# The new 192 KHz version of Dirac Live is now online



## Flak (Nov 15, 2013)

Dirac has launched today the new online store and a new version of its sound improvement product, Dirac Live Room Correction Suite, with 192 kHz sample rate support together with some improvements and compatibility fixes:
http://www.dirac.se/en/online-store.aspx

:nerd: Flavio


----------



## Flak (Nov 15, 2013)

mmm... I forgot to mention that all current users can upgrade for free by clicking the link that they will find at the bottom of the page, here:
"Existing customers, please download here your version 1.1 of the Dirac software with 192 kHz sample rate support"
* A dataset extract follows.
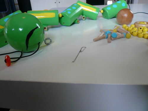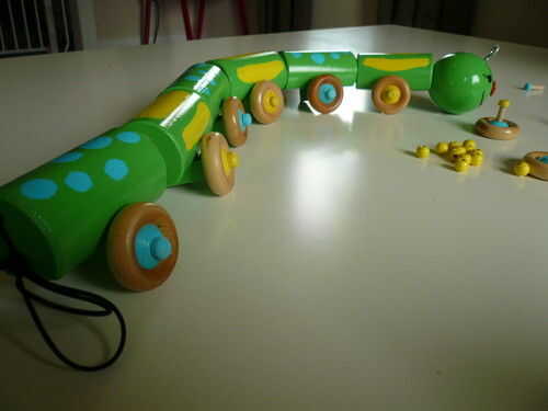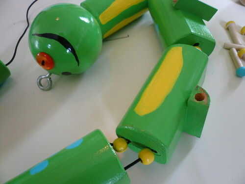 Una vez, lo alimentan a través del botón "la nariz" como se muestra en las fotos y luego a través de la cabeza. Una vez que termines con la pieza de cabeza, alimentación de la cuerda elástica a través de todas las piezas de cuerpo pero esta vez utilizando el orificio inferior de cada sección del cuerpo. Y no olvides añadir un grano entre cada sección en este paso también.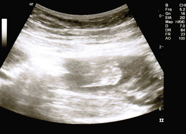The ultrasound tech told us that our little one looks perfect, is about 10 ounces, and has a very strong heartbeat of 153 beats per minute. She also mentioned that I have an anterior placenta which explains why I haven't felt the baby move yet. [Click here to find out what an anterior placenta is] Hopefully within the next few weeks though I'll be able to feel our little one - I cannot wait until I do!! :)

There are some improvements that are listed in the release notes as well as compatibility fixes (i.e. Xonar u7 or non-fullduplex ASIO devices exaSound e28)... one which can be really useful is that Dirac Live will not be platform specific anymore.
As requested by some users you will be able to download and run on Windows or Mac as you wish.

Ciao, Flavio


----------



## Kal Rubinson (Aug 3, 2006)

Flak said:


> Dirac has launched today the new online store and a new version of its sound improvement product, Dirac Live Room Correction Suite, with 192 kHz sample rate support together with some improvements and compatibility fixes:
> http://www.dirac.se/en/online-store.aspx
> 
> :nerd: Flavio


Thanks. I have installed it on my PC streamer connected to the exaSound e28 and it works beautifully. However, even while I can confirm that DL is working (just listening to the changes when I click EQ on/off), the little streaming indicator never lights. Any ideas?


----------



## Flak (Nov 15, 2013)

Kal Rubinson said:


> Thanks. I have installed it on my PC streamer connected to the exaSound e28 and it works beautifully. However, even while I can confirm that DL is working (just listening to the changes when I click EQ on/off), the little streaming indicator never lights. Any ideas?


Thanks Kal,

I think it could be a small bug, we are gonna look into it.
Also I have edited my previous post because the limit to the number of projects has been removed.

Flavio


----------